What is s3archive ?

s3archive is a simple python script which can be used to archive the content of an Amazon S3 bucket. It is a quick and dirty wrapper around Tim Kay's aws. It can be used to backup the files you store on S3.


S3archive is available both as a Pacman package (x86_64 only), or in source form. For source or Pacman installation, please refer to the Generic download and install instructions.

Basic concepts

The task of s3archive is very basic: given a prefix (or "path"), download all objects stored on S3 whose name begins with the prefix. Those objects will be stored in a regular local directory I call an archive.

If s3archive is run again with the same prefix to archive, it will keep or remove the previous archive depending on user requirements. More precisely, s3archive has to be given the number of archives to keep on the local filesystem.

s3archive does not implement compression, differential archives, or other fancy stuff. It is meant as a very basic and simple tool.

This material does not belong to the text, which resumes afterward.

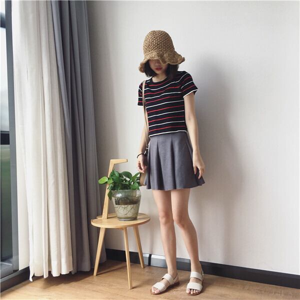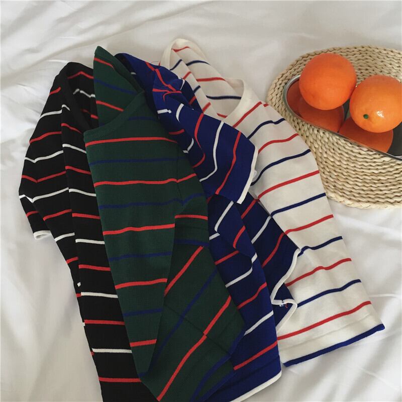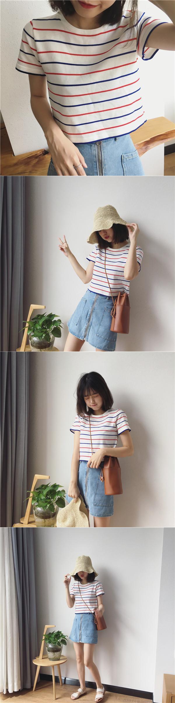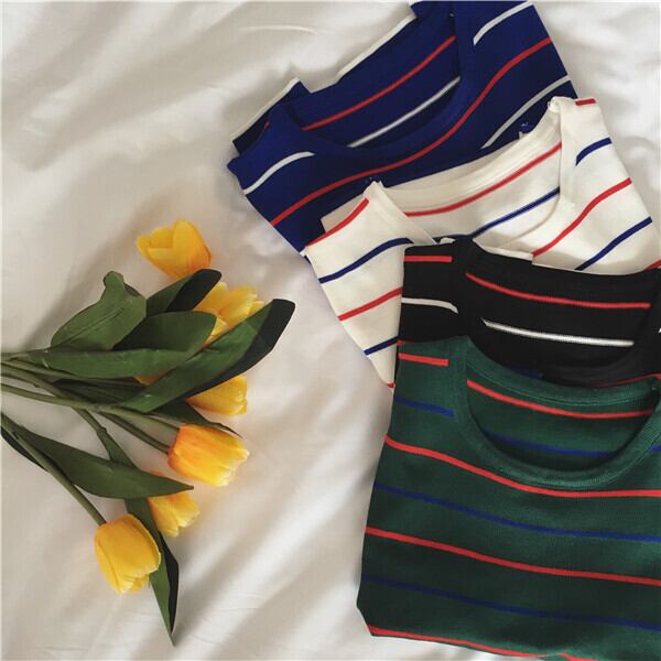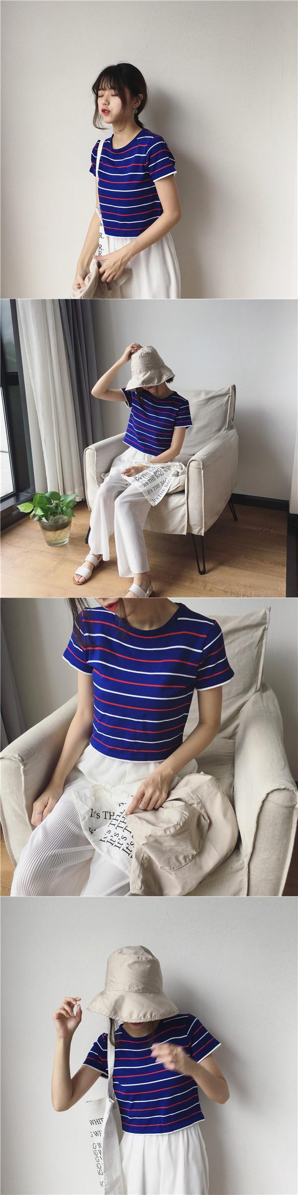 春先の新しい女性のラウンドネックショートカラーマッチングストライプストレッチタイトボディシャツ学生半袖Tシャツトップ 1号婦人89928777114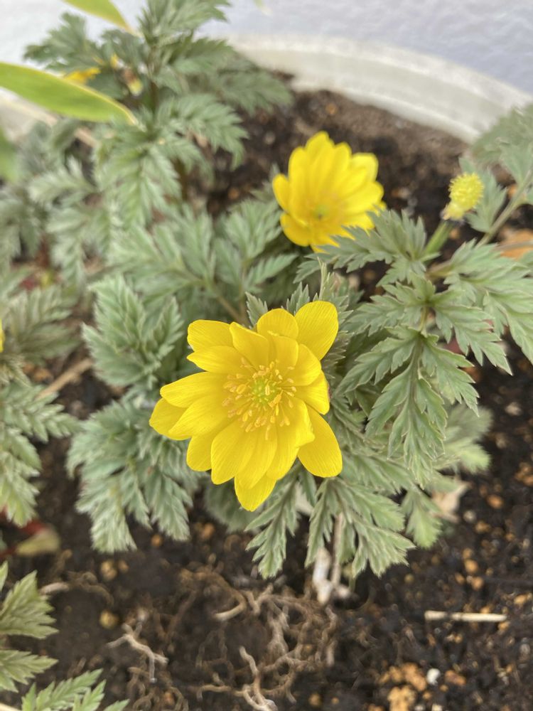 実家の鉢植えの「フクジュソウ」がやっと咲いた。

s3archive takes exactly three arguments

  1. The prefix or S3 path to backup, formed as follows: $bucket/$prefix, for example if you want to backup all files with path foo/bar in the bucket baz, then the argument should be baz/foo/bar.
  2. The directory where to store your archives.
  3. The number of archives of the given path to keep on the local filesystem. Note that if there are more than that number, the oldest will be deleted to make room for the new one.

In addition, one command line option can be given: --awsopts, which can be used to specify additionnal, space-separated options to pass to aws.